Furthermore, it should be noted that various working operations in connection with printing and production of inks and sealing compounds may result in increased exposure concentrations in the air exceeding the limit values of the substances.
It should also be mentioned that, in the risk assessments of DEGBE and DEGME (European Commission 2000a and 2000b), it was among other things found that effects from exposures via inhalation of and skin contact with DEGBE in the working environment with spray painting cannot be precluded. For DEGME, it was found that the exposure to DEGME via skin contact in the working environment with production of DEGME, production of products containing DEGME and manual use of products containing DEGME should be limited/minimized.

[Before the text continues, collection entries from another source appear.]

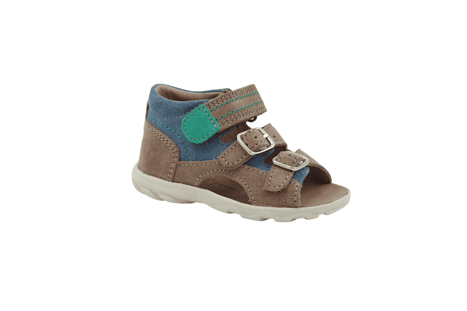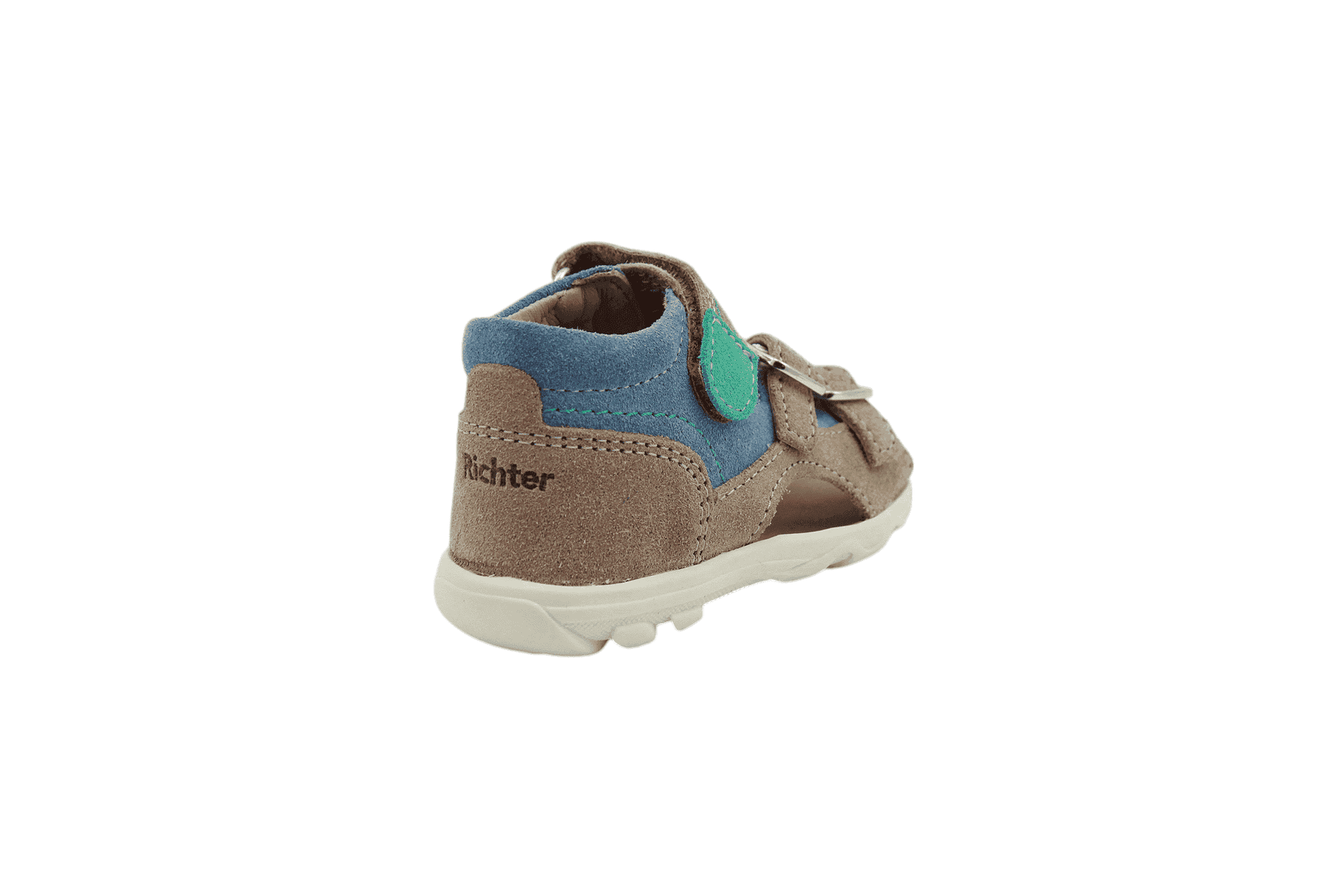Richter kisfiú szandál, nyári utcai viseletre ajánlott. Valódi bőr felsőrésze és bélése magas komfortérzetet biztosít. Az egyenes lábszártartás elősegíti a magasított kéreg amely nem engedi befelé vagy kifelé dőlni a lábat. A megfelelő lábtartást a szandálon lévő három pánt biztosítja, amiből kettő csatos szabályzással, egy pedig tépőzáras rögzítéssel rendelkezik.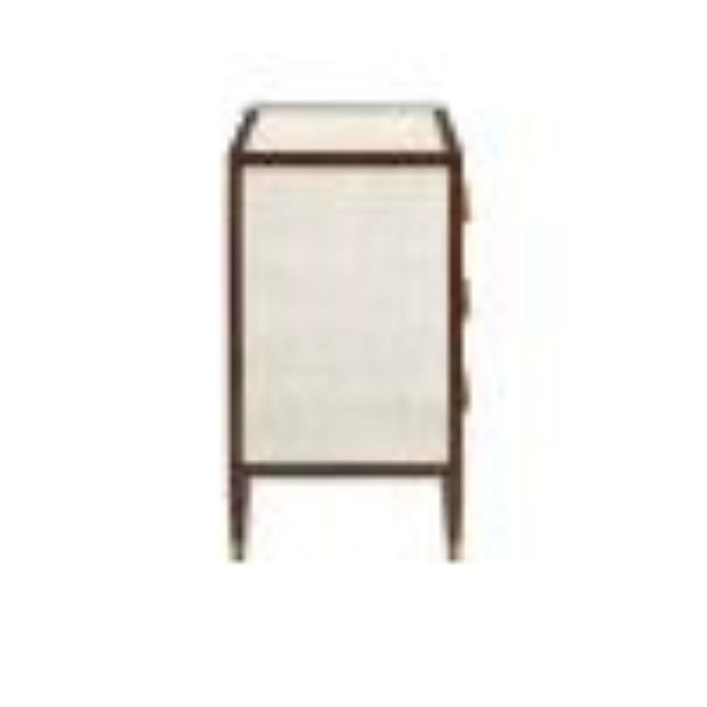 The Evie Shagreen Chest is made of mahogany in a dark walnut finish. The wood-framed panels and drawers covered in ivory faux shagreen are accented with brass door pulls. This ivory chest was inspired by vintage shagreen furniture from the 1920s. We have a number of offerings in this family of furnishings. Soft Close Drawer Slides, Removable Drawer Liners, Adjustable Glides, Anti Tip Kit.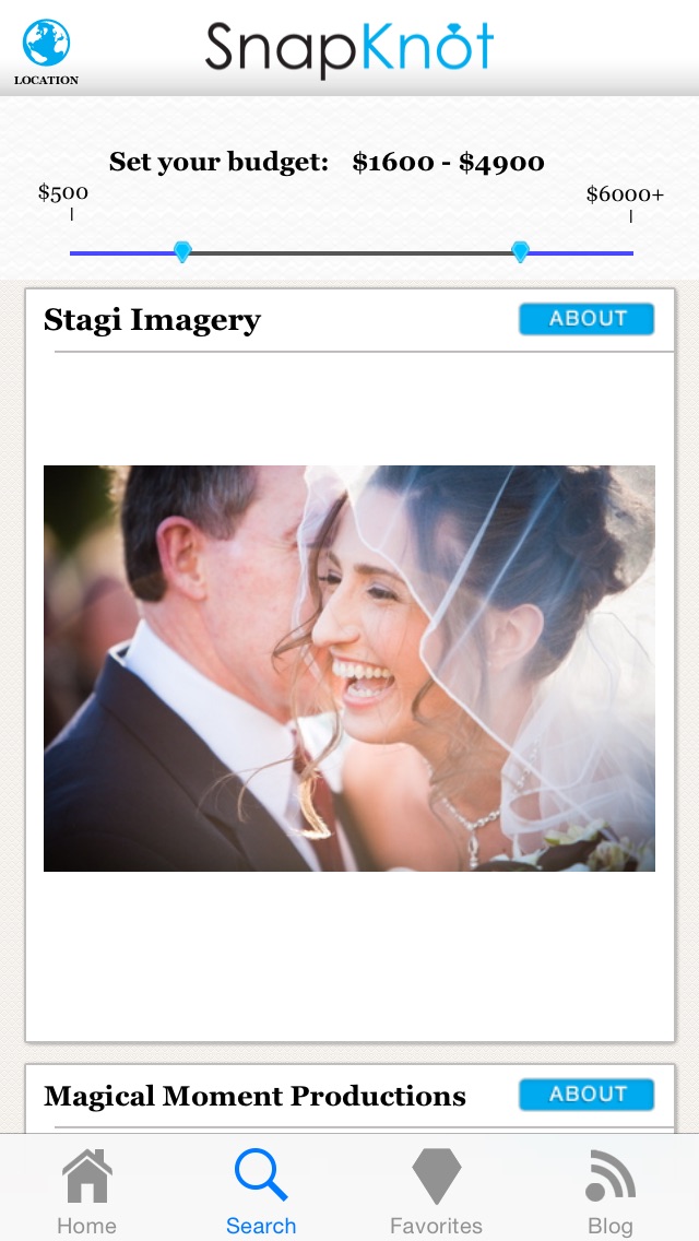 SnapKnot allows engaged couples to search for wedding photographers by location, budget, and visual style. Compare and contrast photographers who fit your custom search criteria.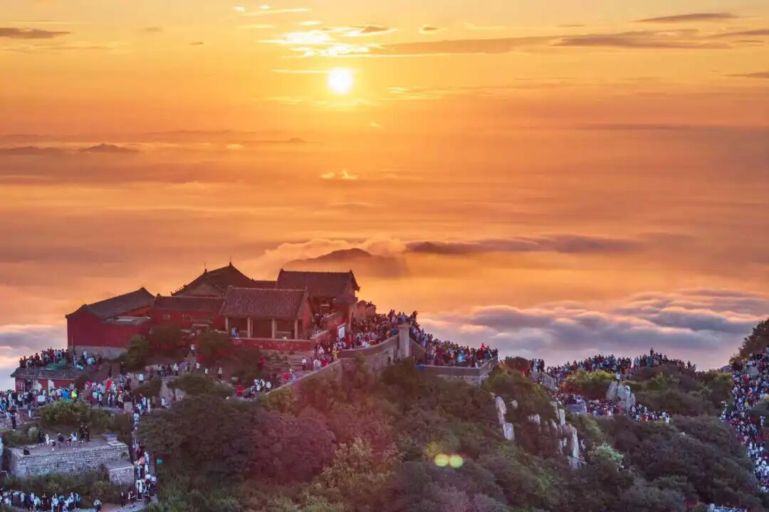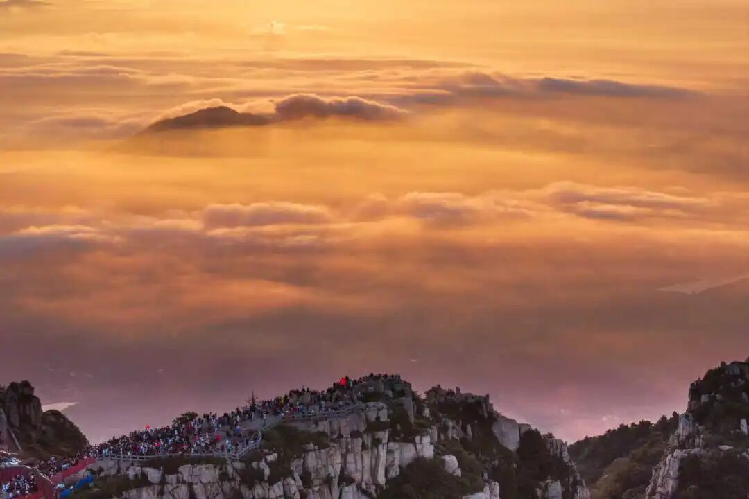 泰山之云海,非寻常可见。须得前日有雨,次日放晴,水汽蒸腾,方成云海。秋日里,这般气象更显珍贵。云层如涛,翻涌于千峰万壑之间,远望似大海无涯,近观则如轻纱缭绕。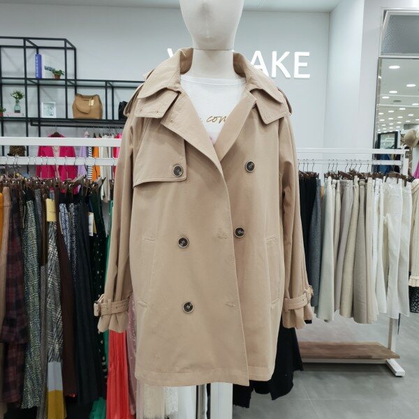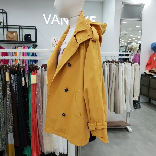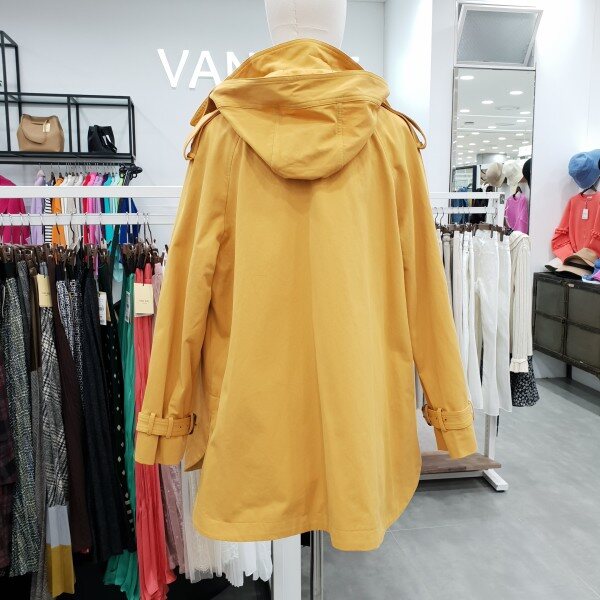 후드가 달려있어 캐주얼하고 비비드한 컬러감으로 화사하게 코디하기좋은하프기장의 면 트렌치 코트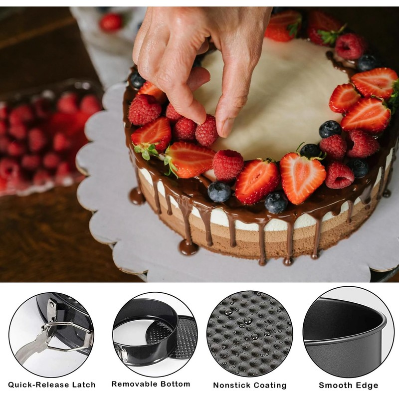 - REMOVEABLE BOTTOM DESIGN - This springform pan kit has removable bottom and buckle design, quick-release latch, which allows you to demold the cake from the pan with beautiful shape and edges

The effects of dermal exposure to the investigated substances were not assessed for the substances. Easily accessible effect data on skin exposure to PGME and PGMEA were sought but not found. When using paints containing the most commonly used glycol ethers, the estimated dermal exposures to the glycol ethers were at the exposure level of DEGME, at which it cannot be precluded that effects may occur, but below the exposure level of DEGBE, at which it cannot be precluded that dermal exposure may result in effects. When using cleaning agents containing the most commonly used glycol ethers, the estimated dermal exposures to the glycol ethers were at the exposure level of DEGME, at which it cannot be precluded that effects may occur, at the exposure level of DEGBE, at which irritation effects may occur but below the exposure level, at which it cannot be precluded that repeated dermal exposures to DEGBE may result in systemic effects.